Relating value_counts() of a variable with mean() of another variable-CodePudding

So, I have a Data frame listing consumer complaints, I am analyzing the following columns: 'Company', with repeating values, and 'Grade' given by costumer, being an integer from 1 to 5.

I looks like this:

    | Company   |  Grade  |
-------------------------------
0   | Company1  |    5    |
1   | Company64 |    2    |
2   | Company1  |    1    |
3   | Company6  |    3    |
...

I want to analyze the relation in between the number of complaints for each company and the mean() of the grade given by costumers for each company.

I'm not sure about the best way to do this, so far I created another df (df2) to hold those values:

df2 = pd.DataFrame(columns= ('Complaints','Grade'))
df2['Complaints'] = df2['Company'].value_counts()
df2

          |  Complaints   |   Grade   |
--------------------------------------
Company1  |     5549      |    NaN
Company23 |     5403      |    NaN
Company8  |     3883      |    NaN
Company30 |     2493      |    NaN

I'm not sure how to insert the values of the df.Grade.mean() for each company on the df2

Something is telling me that I can use multi-indexing for that, by grouping the companies on the first df, but I'm unsure how to proceed with that.

Afterwards I will plot this df2 with seaborn in a way too clearly see the relation in between those 2 variables, so if there is a graph that would shortcut this, please let me know.

CodePudding user response：

I would try to use the update function:

df2.update(df1.groupby(['Company']).mean())

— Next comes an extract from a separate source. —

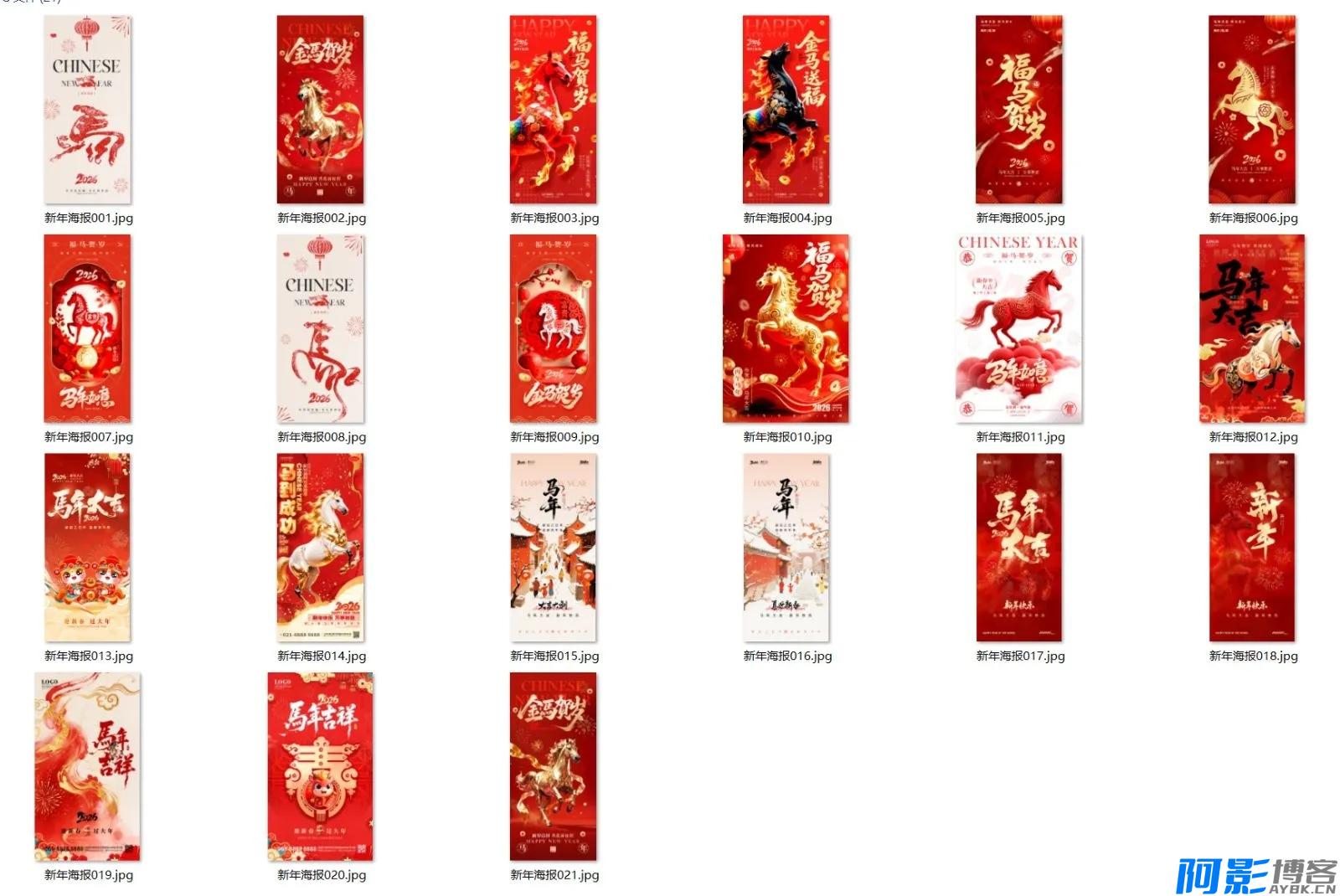 21款2026马年元旦新年中国风喜庆春节宣传海报设计PSD模板,文件大小2.9GB

CodePudding user response：

Since you said each company has multiple grades, you could groupby "Company" and find the mean grade for each company.

grades = df1.groupby('Company')['Grade'].mean()

Then, do a similar job on df2, except, you count complaints:

complaints = df2.groupby('Company')['Complaints'].count()

Now join the two:

data = grades.join(complaints)

Finally, since you want to see the relationship between mean grade and number of complaints, you could use scatter plot:

data.plot(kind='scatter', x='Complaints', y='Grade')